[[ PROVIDED MATERIAL open ]]
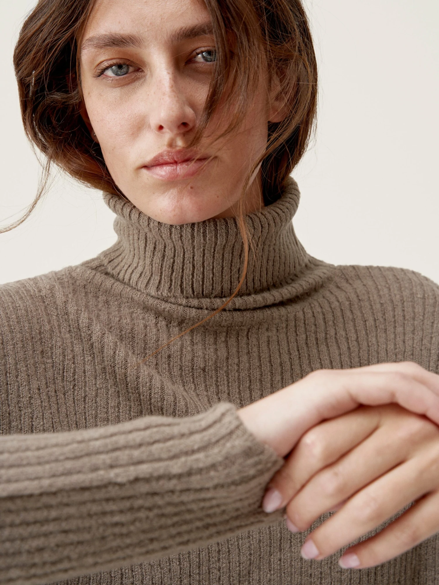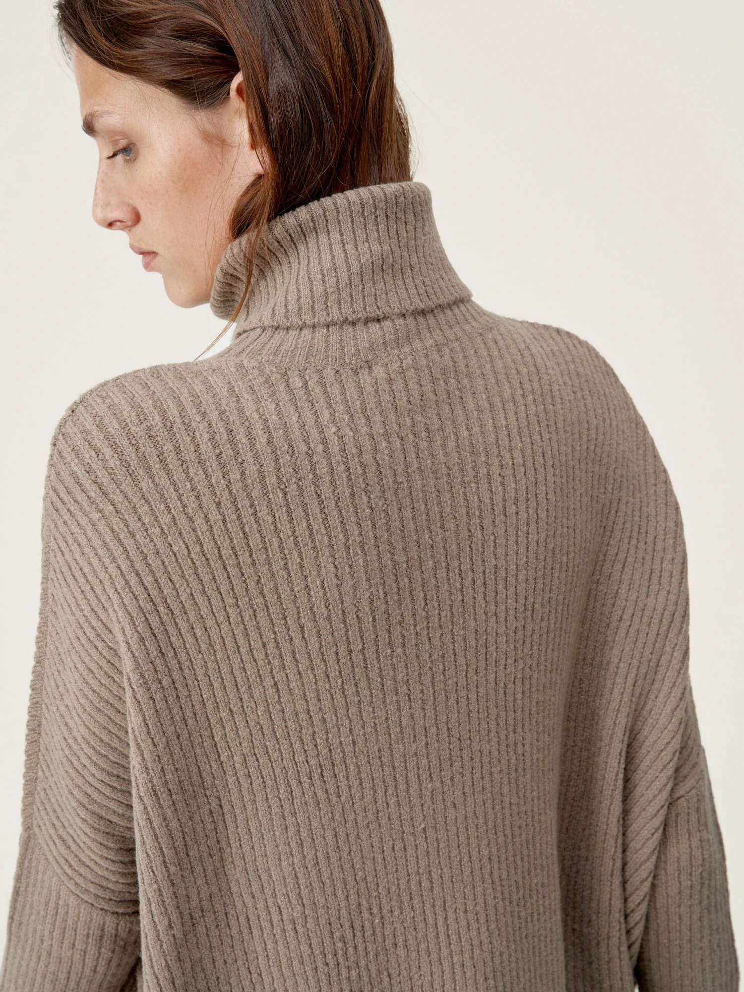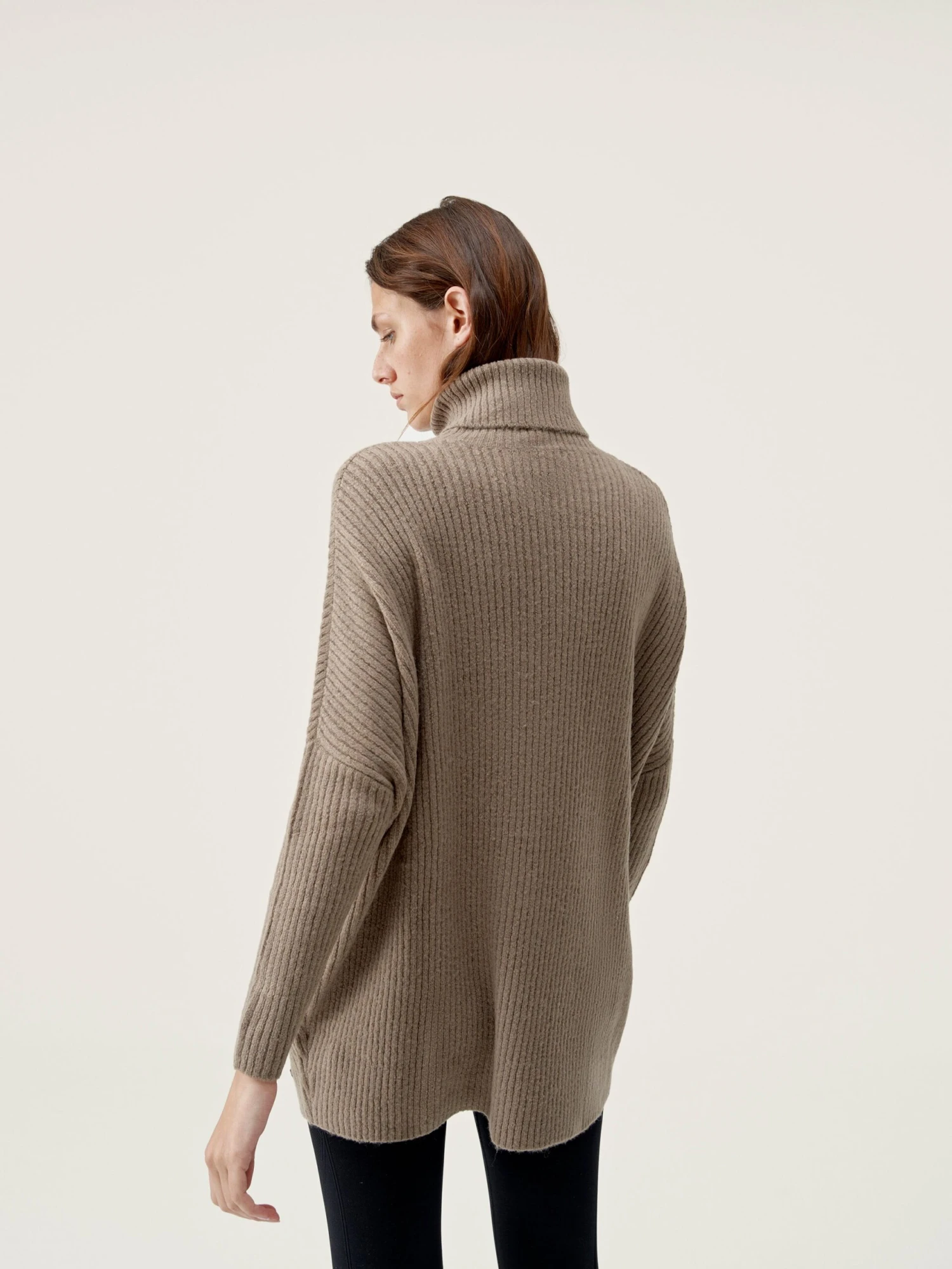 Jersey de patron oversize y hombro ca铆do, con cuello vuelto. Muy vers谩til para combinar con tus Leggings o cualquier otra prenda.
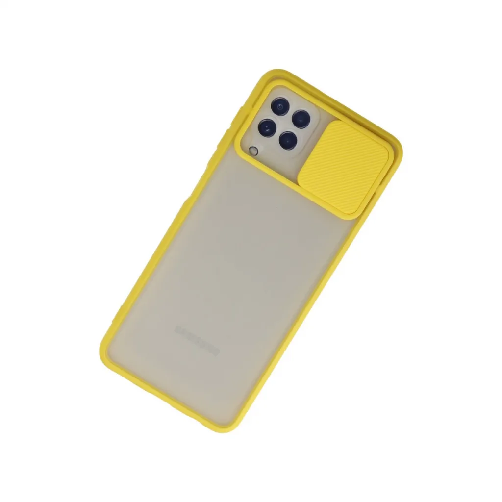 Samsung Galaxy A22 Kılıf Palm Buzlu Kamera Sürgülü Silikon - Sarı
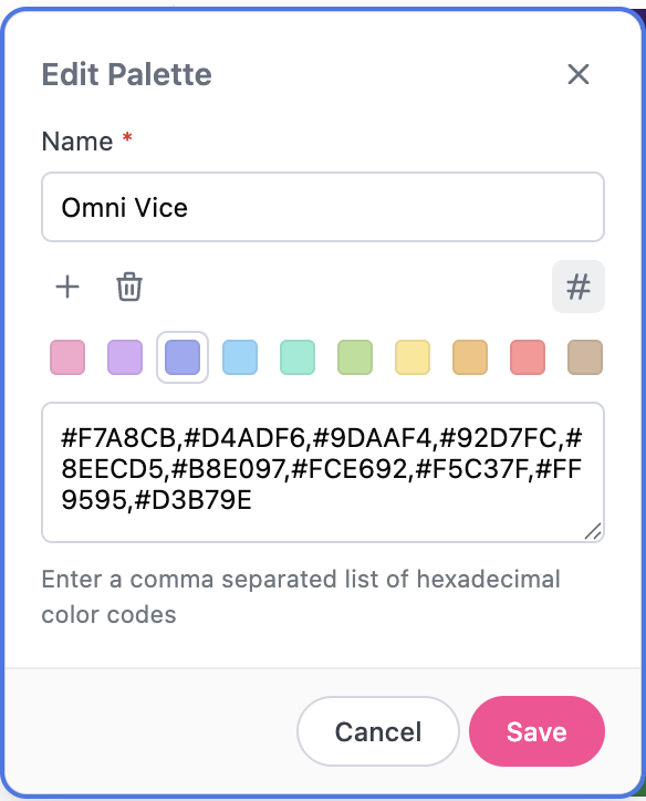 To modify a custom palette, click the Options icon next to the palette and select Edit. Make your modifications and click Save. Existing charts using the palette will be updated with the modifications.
[[ PROVIDED MATERIAL closed ]]
[[ PROVIDED MATERIAL open ]]
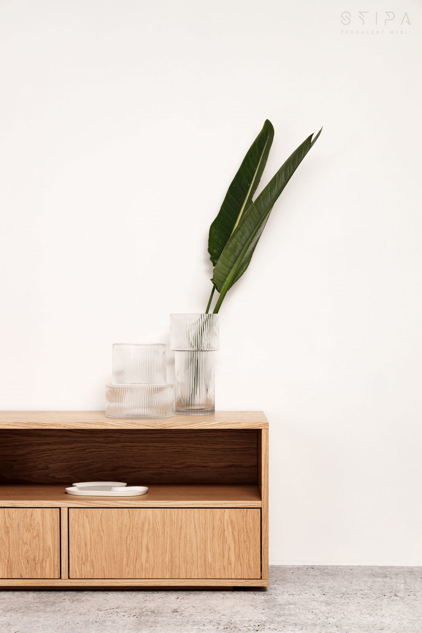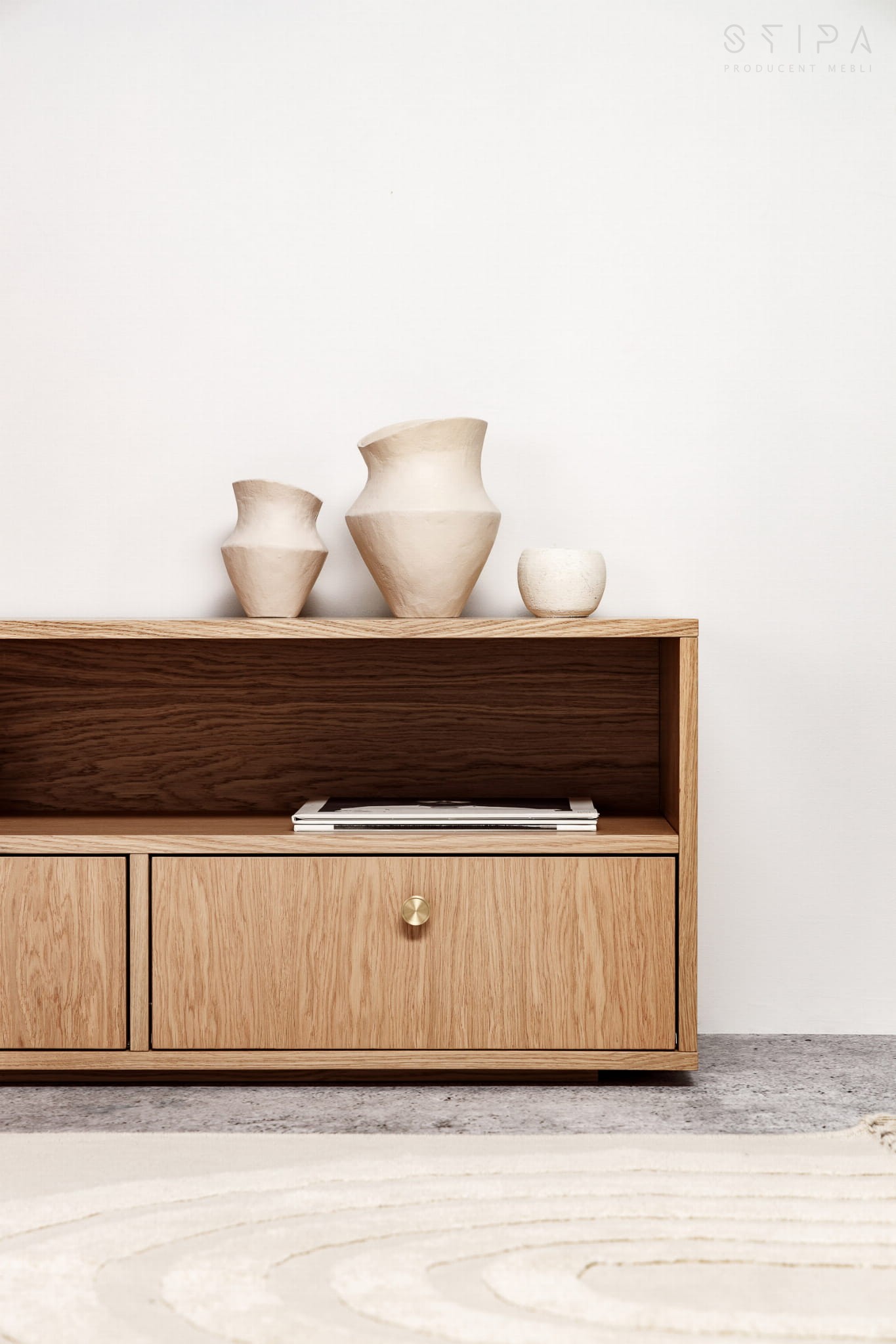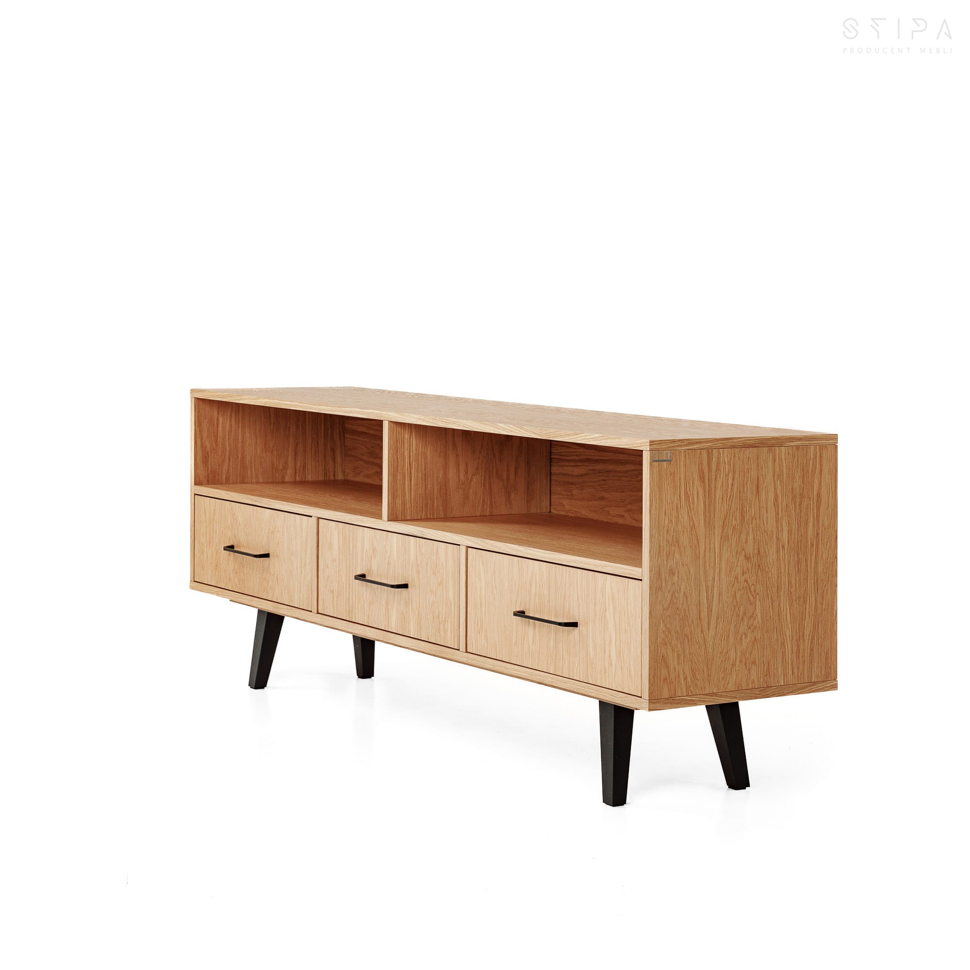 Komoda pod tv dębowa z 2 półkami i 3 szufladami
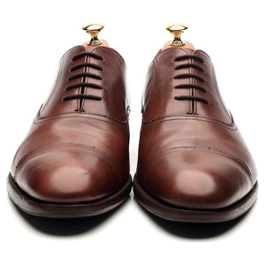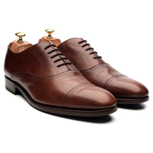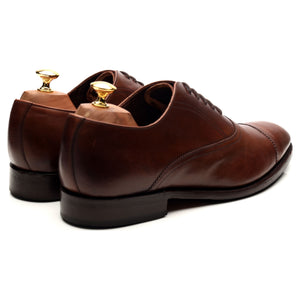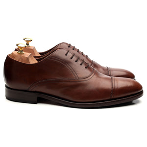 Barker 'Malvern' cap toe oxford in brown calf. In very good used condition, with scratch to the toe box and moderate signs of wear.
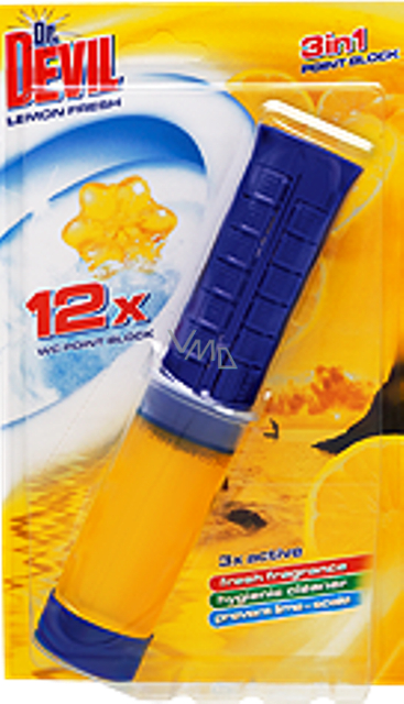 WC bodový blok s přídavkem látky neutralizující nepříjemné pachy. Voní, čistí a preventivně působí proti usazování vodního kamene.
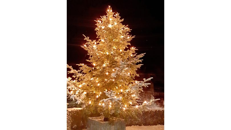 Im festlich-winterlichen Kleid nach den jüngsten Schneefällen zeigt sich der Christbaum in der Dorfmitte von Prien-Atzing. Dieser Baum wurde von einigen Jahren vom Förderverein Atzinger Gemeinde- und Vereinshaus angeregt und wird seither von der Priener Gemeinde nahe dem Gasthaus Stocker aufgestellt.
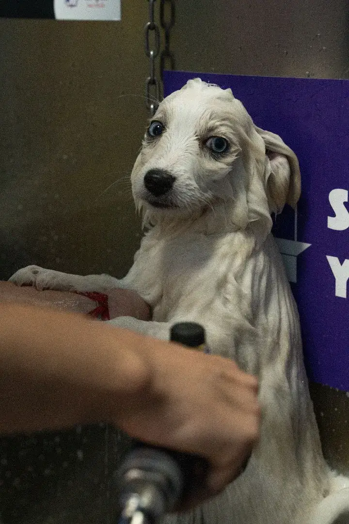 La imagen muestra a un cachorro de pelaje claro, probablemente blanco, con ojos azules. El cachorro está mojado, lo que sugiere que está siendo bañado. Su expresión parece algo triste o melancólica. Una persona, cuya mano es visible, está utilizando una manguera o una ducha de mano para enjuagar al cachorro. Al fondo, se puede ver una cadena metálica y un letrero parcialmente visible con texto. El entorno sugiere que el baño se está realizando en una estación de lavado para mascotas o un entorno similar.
[[ PROVIDED MATERIAL closed ]]
Take the lines above starting at the one containing "Samsung Galaxy A22" and ending at the one containing "To modify a", and print them again exactly, without pictures.

 Samsung Galaxy A22 Kılıf Palm Buzlu Kamera Sürgülü Silikon - Sarı
 To modify a custom palette, click the Options icon next to the palette and select Edit. Make your modifications and click Save. Existing charts using the palette will be updated with the modifications.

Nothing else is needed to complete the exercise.